'''

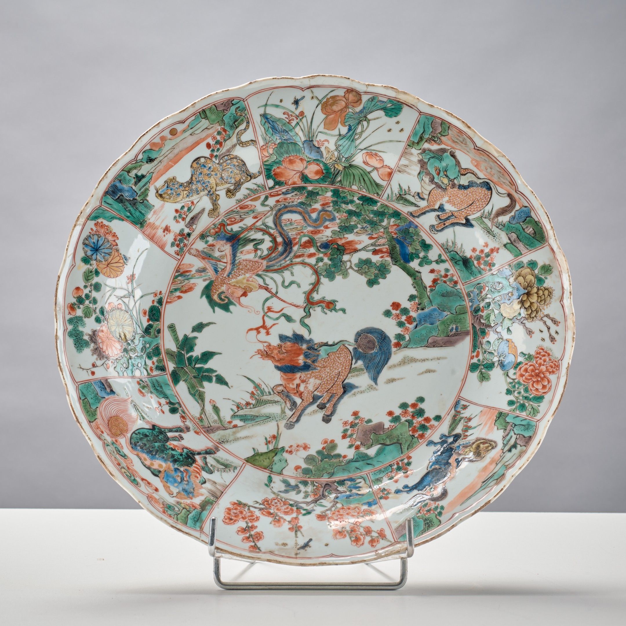 Large circular porcelain dish with scalloped lip, decorated in green family enamels with a baize and a phoenix in a landscape in the central medallion, cartouches alternating fantastic animals and flowering branches radiating out from the rim. A stamped mark within a double blue border below the base.
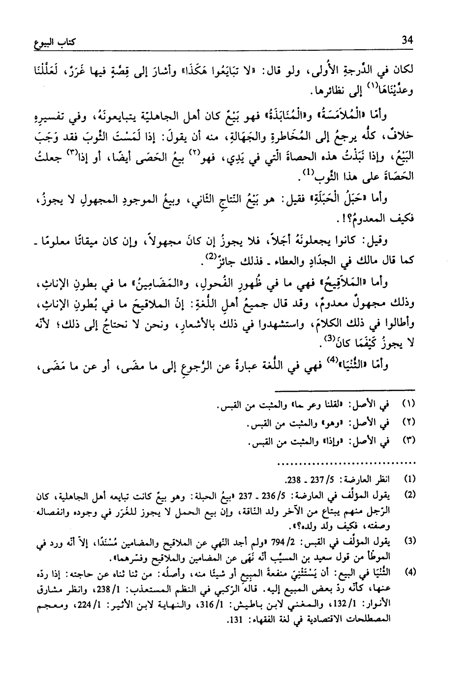 (¬3) بقول المؤلّف في القبس: 2/ 794 "ولم أجد النّهي عن الملاقيح والمضامين مُسْنَدًا، إِلَّا أنَّه ورد في الموطّأ من قول سعيد بن المسيِّب أنَّه نَهَى عن المضامين والملاقيح وفسّرهما".
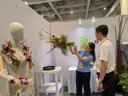 由人力资源社会保障部和中国残联共同主办的2023年全国行业职业技能竞赛——第七届全国残疾人职业技能大赛暨第四届全国残疾人展能节于6月27日至29日在山东济南举行。来自全国32个代表团的950名选手参赛,规模创历届新高。本届赛事以“新时代、新技能、新梦想”为主题,是国家级一类职业技能竞赛。插花项目竞赛共3个模块——传统盘花、架构花束和花首饰。与往届相比,增加了传统插花内容和技巧性强的花首饰项目。共有来自全国的41位选手参加了该项目竞赛。
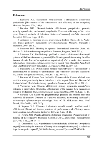 1. Рябкова, А.В. Сущность результативности и эффективности деятельности предприятия / А.В. Рябкова. - М.: Прогресс, 2014 - 296 с.
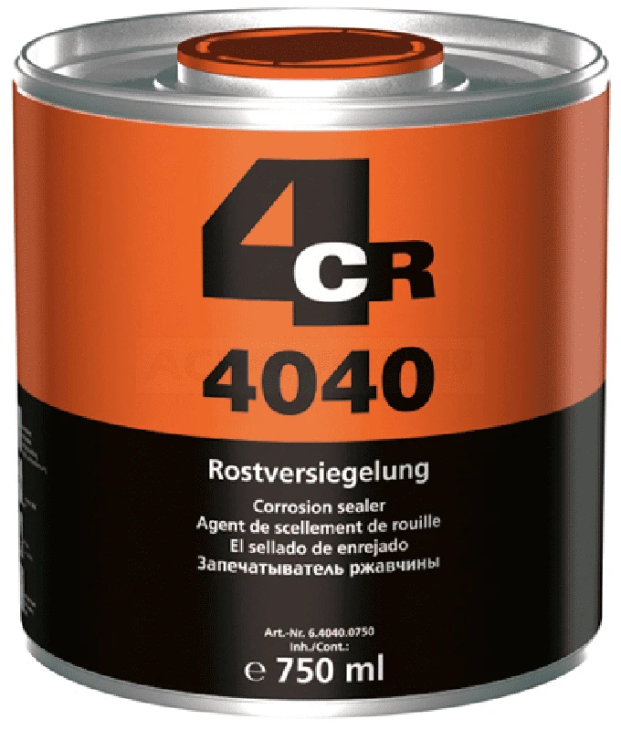 4040 Rostversiegelung setzt in Rostschichten enthaltene Feuchtigkeit in Kohlendioxid um und entzieht so dem Rost die Grundlage. Der Untergrund wird durch spezielle Polyurethane verfestigt und versiegelt. Sehr gute Tiefenwirkung, schneller und dauerhafter Korrosionschutz, direkt auf die verrosteten Schichten auftragbar, überlackierbar mit allen handelsüblichen 1K- und 2K-Grundierungen, stoppt auch Zinkkorrosion.
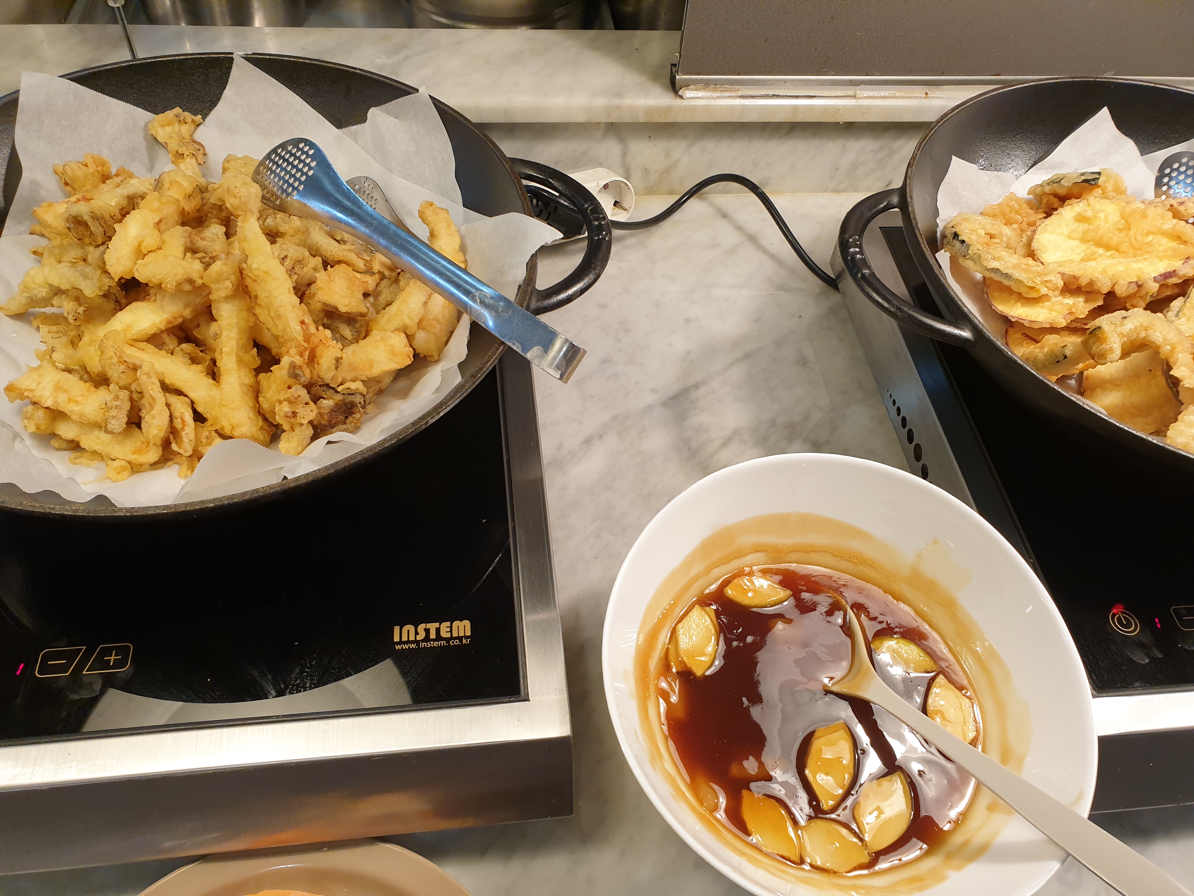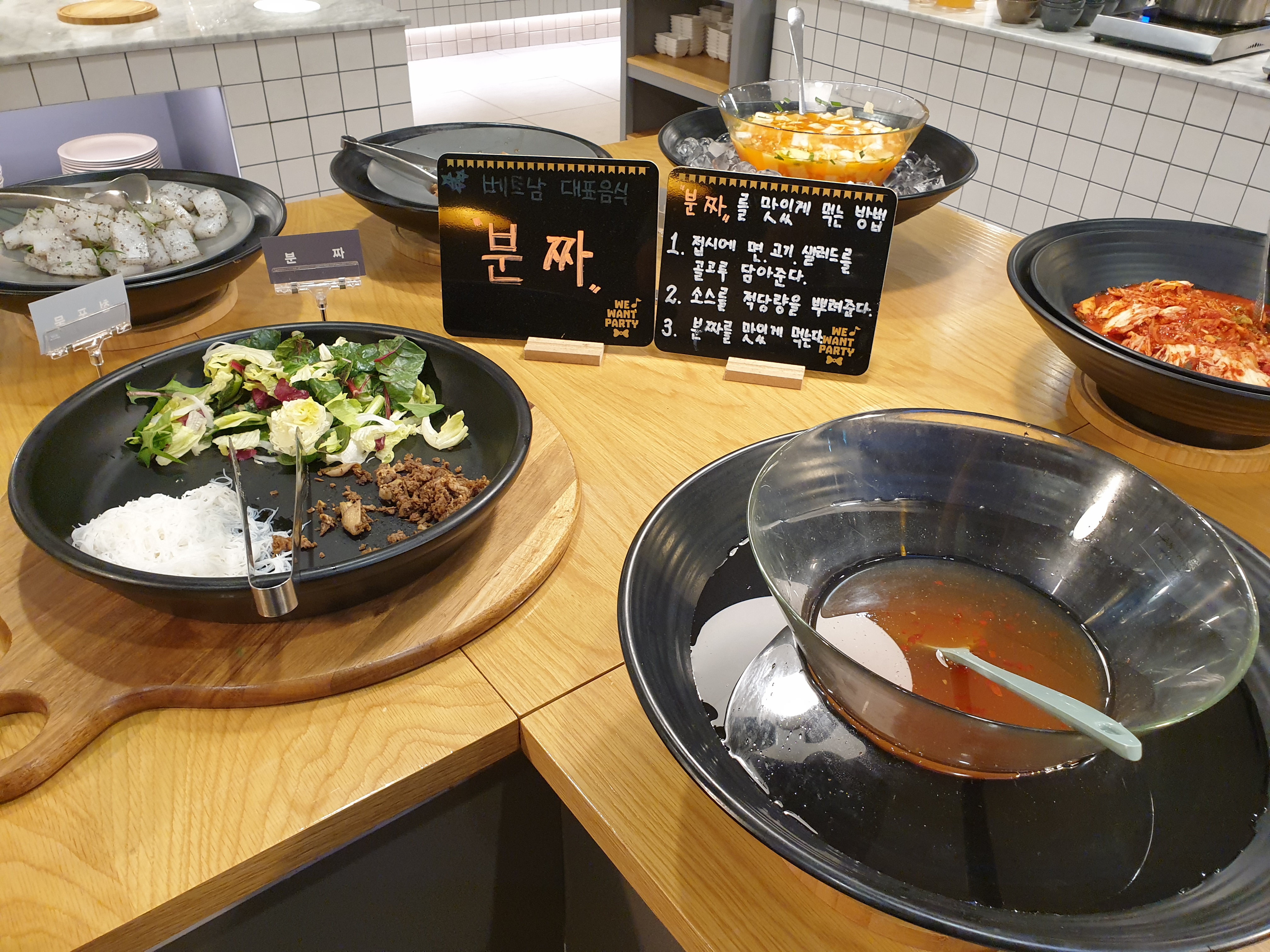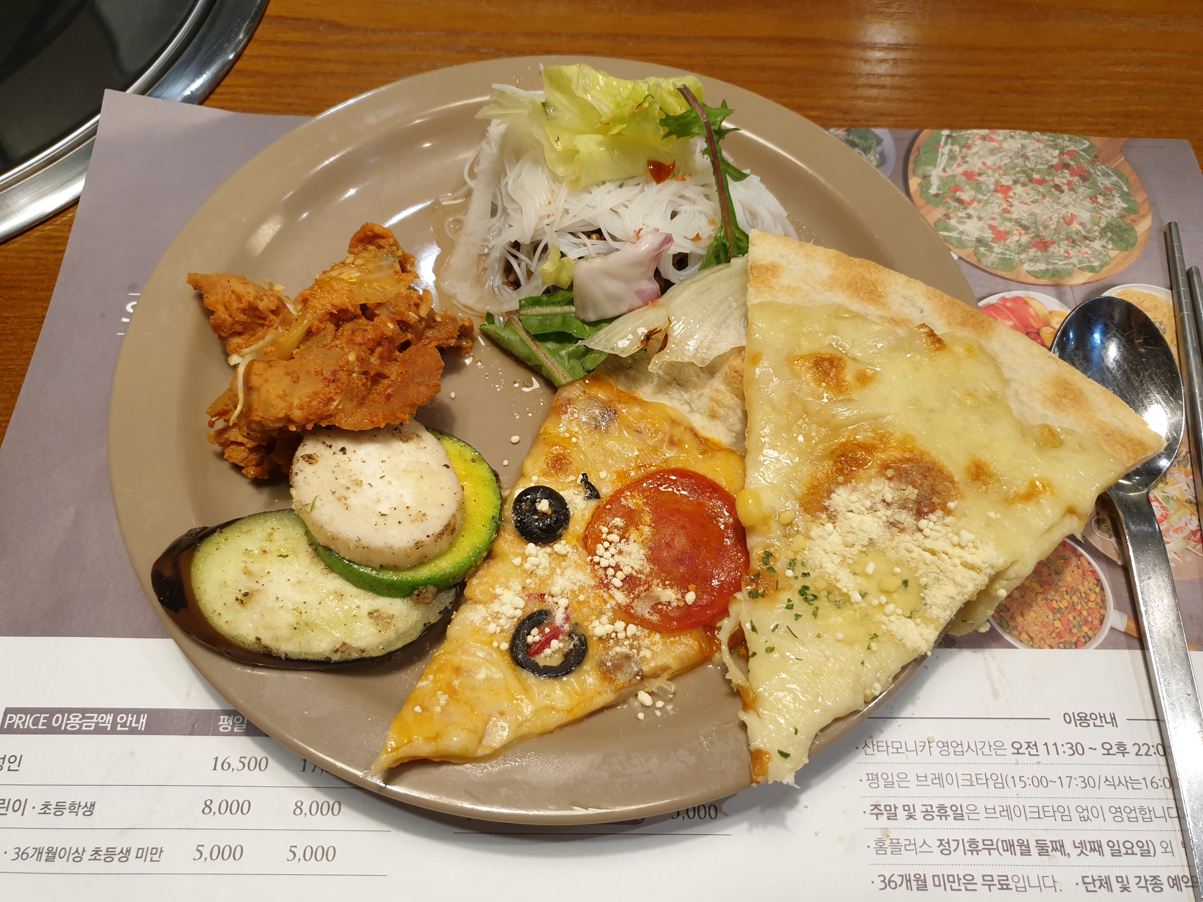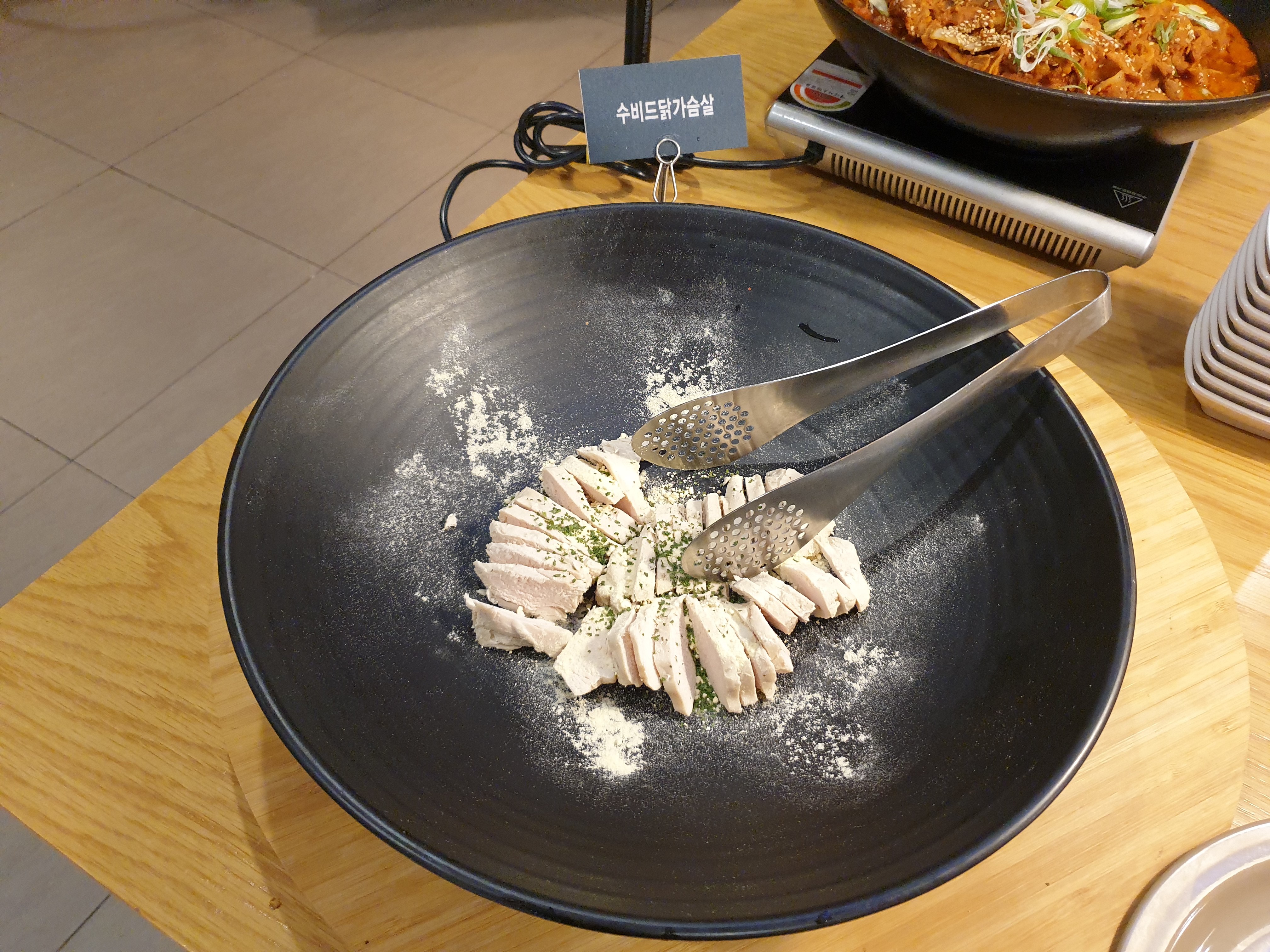 샐러드바에 가서 여러 음식을 덜어가지고 와서 먹었는데 맛이 꽤 괜찮더라

'''

§ **WHAT NEEDS TO BE DONE**: Give back the records word for word, without their pictures.

§ **RESPONSE TO THE EXERCISE**:
 Large circular porcelain dish with scalloped lip, decorated in green family enamels with a baize and a phoenix in a landscape in the central medallion, cartouches alternating fantastic animals and flowering branches radiating out from the rim. A stamped mark within a double blue border below the base.
 (¬3) بقول المؤلّف في القبس: 2/ 794 "ولم أجد النّهي عن الملاقيح والمضامين مُسْنَدًا، إِلَّا أنَّه ورد في الموطّأ من قول سعيد بن المسيِّب أنَّه نَهَى عن المضامين والملاقيح وفسّرهما".
 由人力资源社会保障部和中国残联共同主办的2023年全国行业职业技能竞赛——第七届全国残疾人职业技能大赛暨第四届全国残疾人展能节于6月27日至29日在山东济南举行。来自全国32个代表团的950名选手参赛,规模创历届新高。本届赛事以“新时代、新技能、新梦想”为主题,是国家级一类职业技能竞赛。插花项目竞赛共3个模块——传统盘花、架构花束和花首饰。与往届相比,增加了传统插花内容和技巧性强的花首饰项目。共有来自全国的41位选手参加了该项目竞赛。
 1. Рябкова, А.В. Сущность результативности и эффективности деятельности предприятия / А.В. Рябкова. - М.: Прогресс, 2014 - 296 с.
 4040 Rostversiegelung setzt in Rostschichten enthaltene Feuchtigkeit in Kohlendioxid um und entzieht so dem Rost die Grundlage. Der Untergrund wird durch spezielle Polyurethane verfestigt und versiegelt. Sehr gute Tiefenwirkung, schneller und dauerhafter Korrosionschutz, direkt auf die verrosteten Schichten auftragbar, überlackierbar mit allen handelsüblichen 1K- und 2K-Grundierungen, stoppt auch Zinkkorrosion.
 샐러드바에 가서 여러 음식을 덜어가지고 와서 먹었는데 맛이 꽤 괜찮더라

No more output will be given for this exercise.